Wasting Time with Definitions
Let’s consider what would happen in the event of an emergency in the form of an “armed attack” by China. In short, as things now stand a lot of effort is wasted on pointless legal debates over whether the situation constitutes an armed attack, a prediction of an armed attack, or an emergency response.
In the first place, who determined that a “Taiwan emergency” would involve an “armed attack?”
I don’t mean to brag, but I can honestly say that the recent Canon Institute exercise was handled completely differently. We considered various “non-emergency” crises created by the Chinese side that did not rise to the level of an armed attack. This is because we assumed that they would focus on “winning without fighting.” In other words, they would make full use of information warfare and economic coercion.
Considering All Possibilities
This time, the exercise organizers comprehensively analyzed various kinds of information. We judged it to be highly likely that the Chinese side would take a page from Sunzi’s (Sun Tsu) “Art of War.”
They would seek to create situations in which it will be difficult for Japan and the United States to respond militarily. In that case, over time the “liberation” of Taiwan would be accomplished through a series of fait accompli.
The actions taken by the Chinese side might not have been an “invasion of Taiwan.” And the Japanese team might not have had to discuss whether such actions should be considered a “recognized situation” under Japanese law. Nevertheless, couldn’t what was taking place also be deemed a “Taiwan emergency?”
Be that as it may, I do not deny the possibility that China will attempt to conquer Taiwan by force. In that case, the following five scenarios are imaginable:
1. Taiwan Declares Its Independence
China adamantly maintains that there is only “one China.” It insists that if Taiwan formally declares its “independence,” China will have no alternative but to use armed force.
The “one China” principle is one of the foundations for the legitimacy of rule by the Chinese Communist Party (CCP). If this is denied, the Chinese leadership has no other option.
Conversely, if it does not employ armed force, that will likely mean the demise of the CCP. Fortunately, as things now stand for the Taiwanese authorities to declare “independence” is an extremely remote possibility.
2. Overconfidence on the Part of Military Hardliners
On the other hand, there are risks. They include that the Chinese People’s Liberation Army (PLA) may underestimate the US military and overestimate its own military strength.
Under that assumption, it could assure the political leadership that “we could successfully gain control [of Taiwan] at this time.”
3. There is a Power Struggle within the CCP
A powerful political opponent could emerge to challenge the current leader. He could begin criticizing the current leadership’s foreign policy as “weak” and “insufficient.” In that case, the powerholders might feel compelled to take some actions to quell the opposition.

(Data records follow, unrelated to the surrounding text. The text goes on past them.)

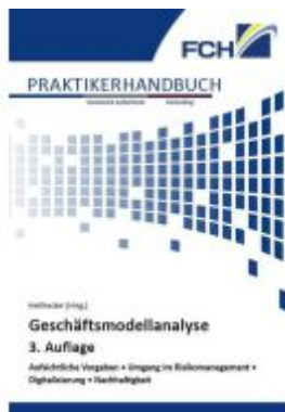
Geschäftsmodellanalyse, 3. Auflage Ladenpreis: 194,30EUR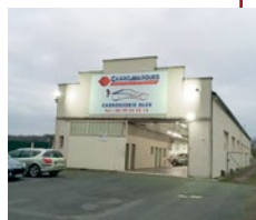
f carrosserie Alex

Tél. 05 49 22 43 10 / alex.carrosserie86200@gmail.com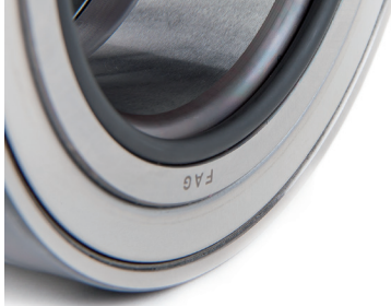
Şekil 2: O-halkalı Ağır Vasıta Porya Ünitesi

Temel fark, rulmanın iç bileziğinde görülebilir. Bazı rulman ünitelerinin iç yüzünde bir O-ring halkası (Şek. 2) bulunurken, diğer rulmanların pahlı veya yuvarlatılmış bir kenarı vardır (Şek. 3). Aşağıdaki tablo, rulman ünitelerinin özelliklerini ve montaj yönünü listeler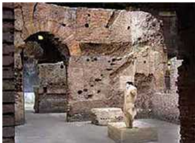
Resti dello stadio di Domiziano sotto l'odierna piazza Navona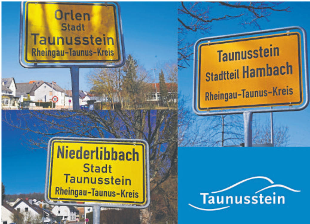
Jetzt sind Orlen, Hambach und Niederlibbach mit den Workshops an der Reihe.

Taunusstein (red). Im Mai setzt die Stadt Taunusstein die Dorfmoderation in Hambach, Niederlibbach und Orlen mit weiteren Beteiligungsformaten fort. In drei Bürgerworkshops haben Einwohnerinnen und Einwohner die Möglichkeit, sich aktiv in die Entwicklung ihrer Ortsteile einzubringen und eigene Ideen für das Kommunale Entwicklungskonzept vorzuschlagen. Die Veranstaltungen finden jeweils um 18 Uhr an folgenden Terminen statt: am 4. Mai in Niederlibbach (Mehrgenerationenhaus), am 6. Mai in Orlen (Zugmantelhalle) und am 18. Mai in Hambach (Alte Feuerwehr). Eine Anmeldung ist nicht erforderlich. Die Workshops richten sich vorrangig an die Bewohnerinnen und Bewohner der jeweiligen Stadtteile.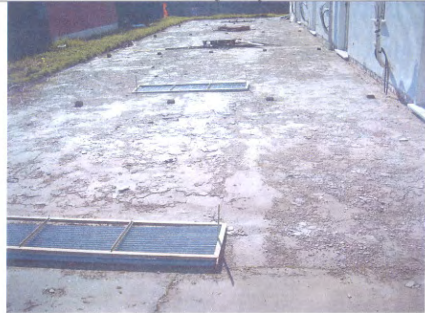
Villetta G area esterna retro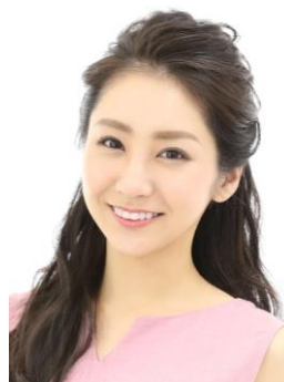
田中梨乃 タレント・女優 日本酒唎酒師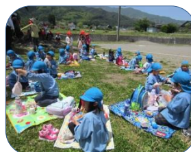
お母さんの手作りお弁当美味しいね。年中、年少の様子。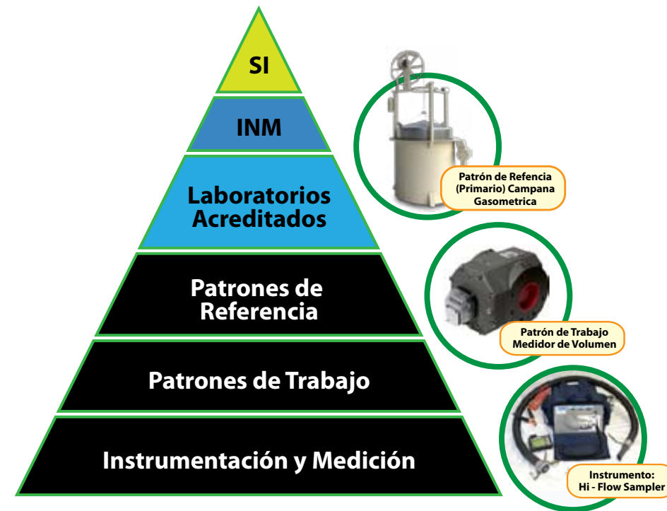
Figura 2. Esquema de Trazabilidad.

De esta forma, un adecuado conocimiento de la incertidumbre del equipo ha permitido adoptar mejores prácticas en el proceso de medición, e inclusive identificar oportunidades de mejora respecto a su desempeño metrológico.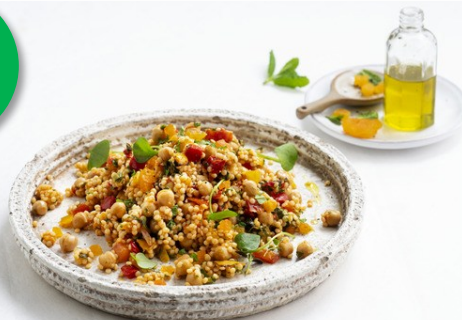
Parelcouscous mediterraan 1.25kg Week 25-26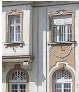
Csorna, új községháza 1927.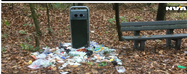
Foto: Deze foto werd bezorgd met de boodschap: "Juist opgemerkt in de Wittebergenstraat en iets verderop nog twee vuilniszakken."

De vzw STORA bestaat uit drie geledingen: vertegenwoordigers van het economisch leven in Dessel, van de gemeentelijke adviesraden en van de gemeenteraad.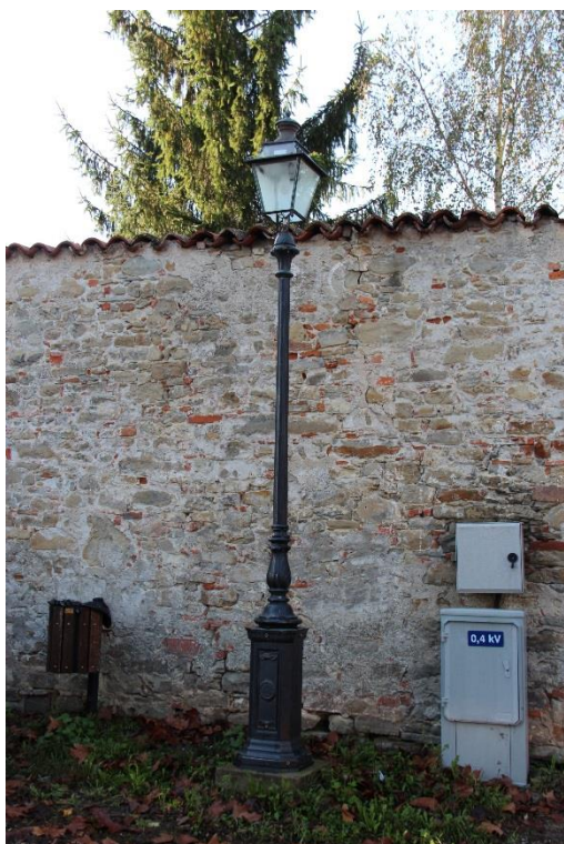
Figura 3 – Via Salita alla Parrocchia – Tratto con armature tipo lanterna oggetto di retrofit.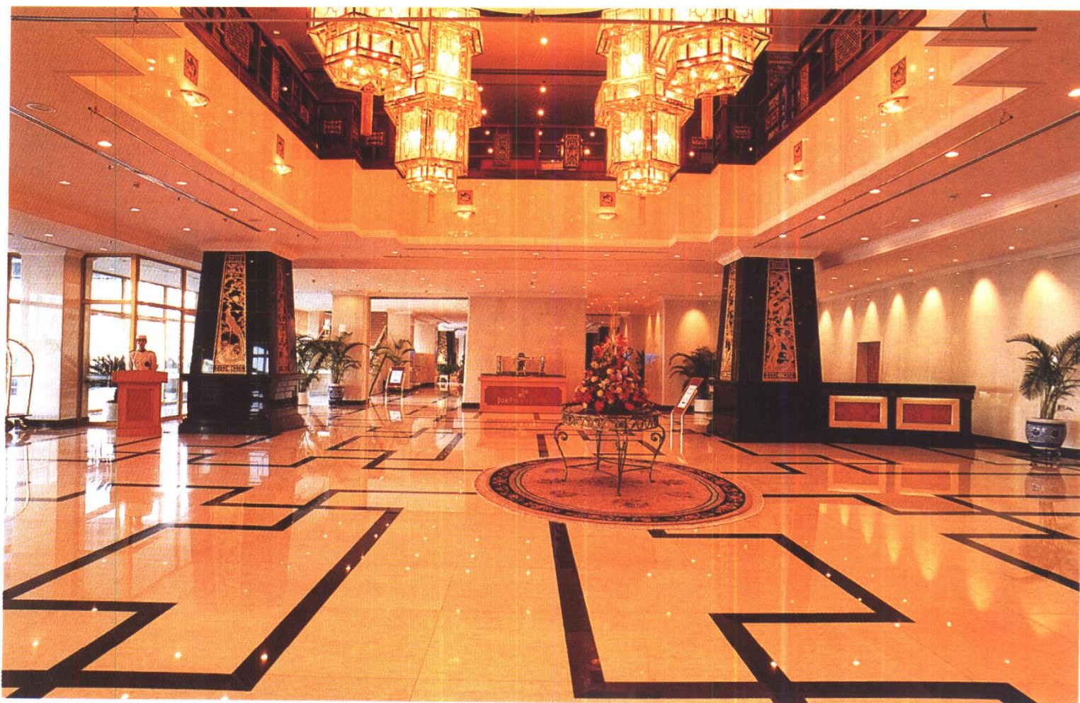
翠宫饭店大堂 北京建筑工程装饰公司施工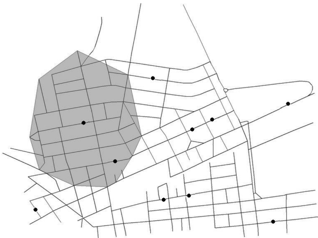
Figura 3: Polígono de Área de Serviço.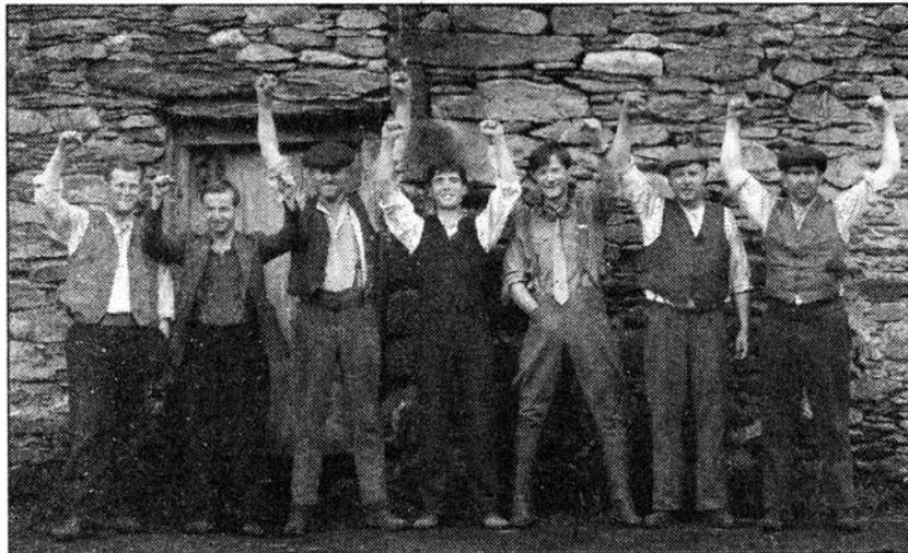
El viento que acaricia la pradera. La última película de Ken Loach conmueve, enseña y, también, transforma.

1920, el gobierno británico desconoce las elecciones parlamentarias en la que el Sinn Fein -independentista- ganó por una abrumadora mayoría. Al calor de la reciente Revolución Rusa, la radicalización de las masas trabajadoras y campesinas le otorgan un auge al IRA, que llama a desconocer a los colonialistas y a sumarse a la guerrilla para combatirlos. Damian (Cillian Murphy) acaba de recibirse de médico y planea mudarse a Londres para ejercer su profesión, pero los asesinatos y torturas del ejército británico -y la insistencia de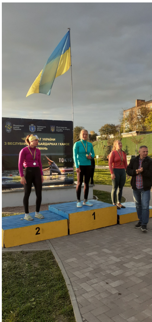
Чемпіонка Ганна Павлова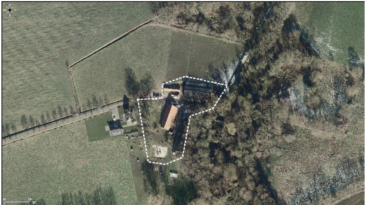
Figure 1: Overzicht plangebied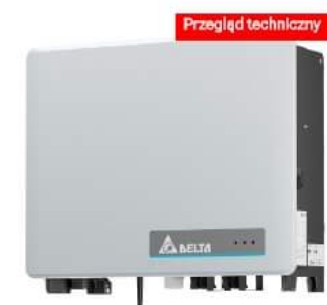
Nowe falowniki Delta M15A/M20A Flex dla budynków mieszkalnych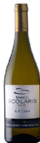
TRAMINER AROMATICO VENEZIA GIULIA IGT 100% Gewurztraminer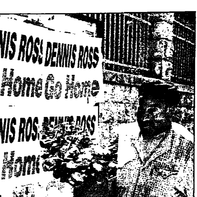
بالغ (غير يبر من امام لائحة المسترطين دعم البعث الامريكي دنيس روس للعودة الي بلاده

وتكررت المحاصر الفلسطينية ان الفلسطينيين تسلمهم بعيدا الجناح الذي استندت اليه المذكور وباعتماد ان الفلسطينيين والاسرائيليين يتحسححان عسكريين متساويين في مكافحة القوي التي تريد تدمير العملية السلمية من الجناحين.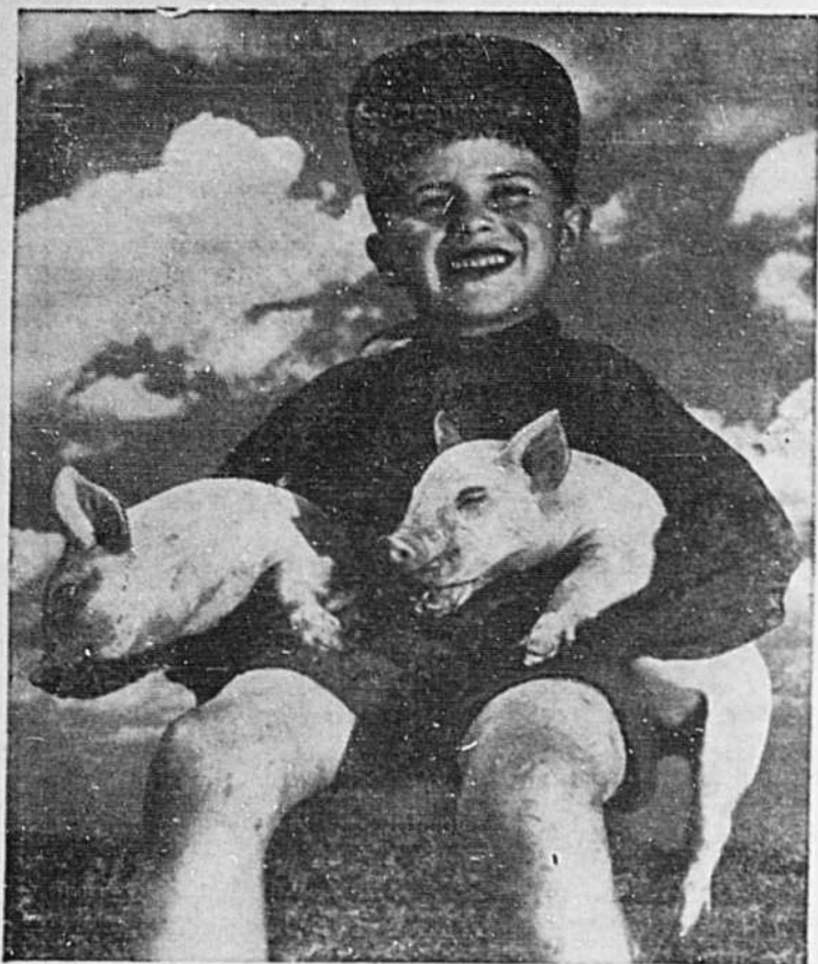
CULTIVATEURS canadiens, si vous voulez conserver le marché anglais pour votre bœuf, répondez à la demande toujours croissante de lard sur votre marché local, soignez bien vos jeunes porcs. Le soin des porcelets, dit le Ministre fédéral de l'Agriculture, commence avec la mère, qui doit être bien nourrie avant et après la mise bas, pour produire des petits vigoureux. Il faut aussi fournir du fer aux gorets pendant qu'ils têtent, les nourrir séparément dans un coin du parquet, et leur donner une quantité généreuse de substances minérales et d'aliments qui stimulent la croissance. Les porcs qui paient sont les sujets sains et vigoureux.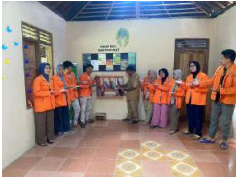
Gambar 1. Foto penyerahan kegiatan Pojok Baca Dusun Plembutan Barat

Target luaran dari kegiatan Pojok Baca ini adalah publikasi berita di Web desa Plembutan. Berita kegiatan ini dapat diakses melalui link: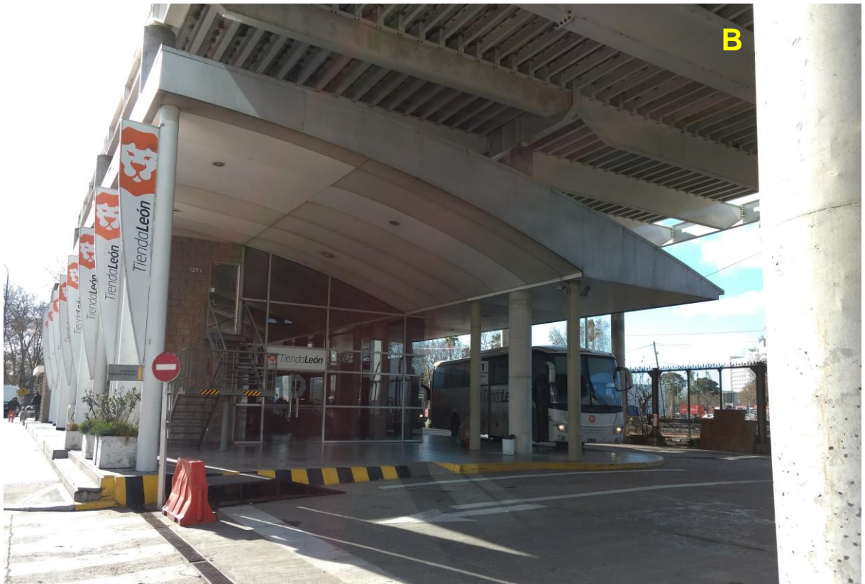
B_Terminal de ómnibus.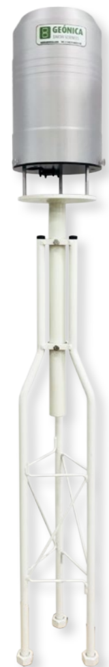
PEDESTAL Modelo SPL-4000

La precipitación acumulada en la cámara interna se controla y vacía después de cada evento de precipitación.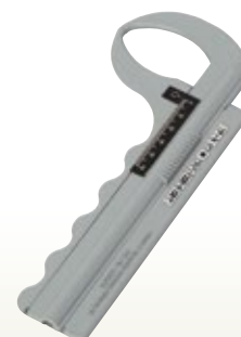
皮下脂肪厚測定器 [コード] 13149-36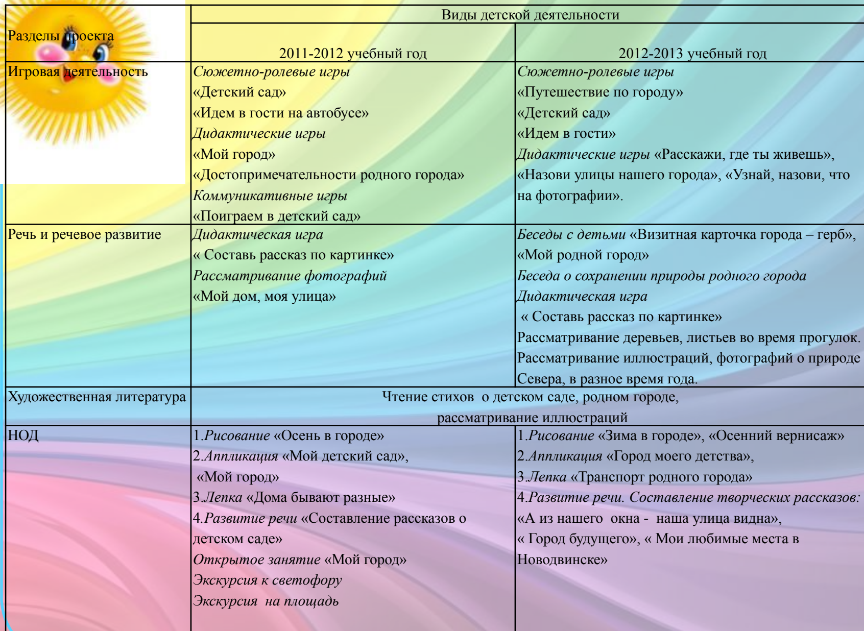
Схема реализации проекта через разные виды деятельности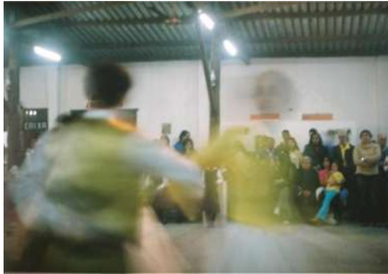
Figura 3 - A imagem . Fotografia. 2006. Por Michelle Salort.

Nessa trajetória fui buscando compreender a formação identitária dos sujeitos, a memória individual e coletiva, que permeiam os sistemas de convivência. Ao ingressar no mestrado do Programa de Pós Graduação em Educação Ambiental, optei por dar continuidade à pesquisa sobre os conceitos que já haviam sido trabalhados, para tentar entender o pertencimento e sua relação com o meio ambiente.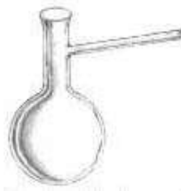
Matraz de destilación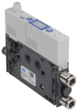
SCPMc 10 S04 NC M8-6 1PA DEY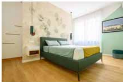
Nella camera matrimoniale il color verde mela (il secondo colore portafortuna secondo il Feng Shui) anima le pareti che fanno da sfondo al letto Max di Twills.

Una volta varcata la porta d'ingresso, «gli spazi sono stati studiati appositamente per essere suddivisi in maniera ottimale in ambienti di zona giorno e zona notte, concedendo così la giusta privacy a seconda delle zone vissute dell'appartamento», spiegano gli architetti dello studio. Per quanto riguarda la zona giorno è stato quindi realizzato un grande open space soggiorno-cucina , suddividendo la stessa dal soggiorno tramite la progettazione di un elemento di porta ferro-vetro, concedendo così trasparenza e profondità agli spazi e, allo stesso tempo, un ambiente cucina idealmente chiuso rispetto al resto della casa. Spostandoci invece nelle stanze dedicate alla zona notte, troviamo un ambiente racchiuso in una parte a se stante dell'appartamento. Un disegno nato per «concedere così piena tranquillità e riservatezza nei momenti necessari», concludono i progettisti. Ovviamente così come nel resto della casa, anche qui l'elemento principale - nonché fil rouge di tutto il lavoro di restyling - è il colore.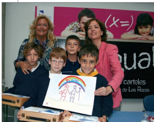
Junto a estas líneas, la Directora General de la Mujer y la Concejala de Atención Social e Integración

En esta primera edición han participado 200 alumnos del 2º Ciclo de Primaria de tres colegios de Las Rozas: Vicente Aleixandre, El Cantizal y Siglo XXI, organizados en grupos de 3 ó 4 y que durante varias semanas han reflexionado, desde un enfoque lúdico, sobre el valor de la igualdad, trabajando con cuentacuentos y talleres de plástica. Por su parte, el C.P. Vicente Aleixandre lograron el 1º y 2º finalista y el C.P. Siglo XXI el 3º finalista.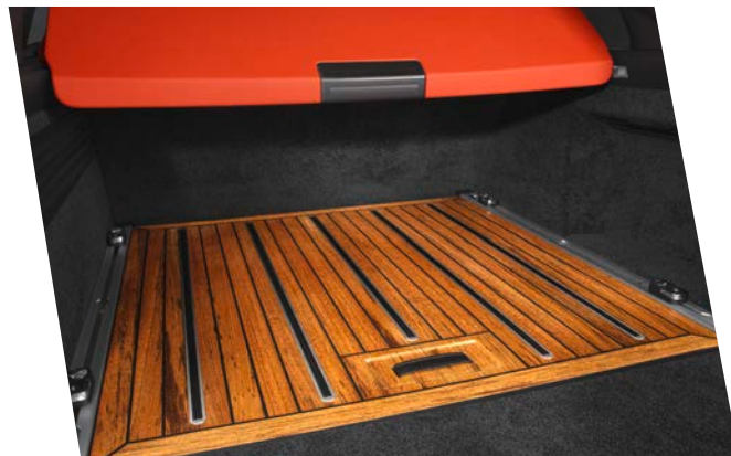
LG-880-10 STARTECH Teak Holzboden für den Kofferraum STARTECH Teak wood floor for luggage space

If economic and social conditions in China worsen in the future, there is a possibility that power struggles within the CCP will again flare up.
4. An Explosion of Popular Discontent
From a macroeconomic standpoint, China’s economic policies are inadequate. There is fear of an explosion among the Chinese public already stirred up by nationalism and dissatisfaction due to myriad problems. Those include a depressed Chinese real estate market, a balance sheet recession, a worsening youth unemployment rate, and deficiencies in the social security system.
In that case, there is also a risk that China’s leadership may adopt a hard line on the foreign policy front.
5. Miscalculation by a Dictator
Most frightening all is the possibility that a dictator may make strategic mistakes. Such was the case with Russian President Vladimir Putin‘s war against Ukraine. Perhaps the probability of this happening is the highest of all.
If the above analysis is correct, Japan has no choice but to prepare for unforeseen situations while pursuing the “maintenance of the status quo” in Taiwan.
To do so, it is important not to let China underestimate the deterrence power of Japan and the United States and to avoid the “dictator’s fallacy.” This, more than anything else, is why regular dialogue at the summit level is essential.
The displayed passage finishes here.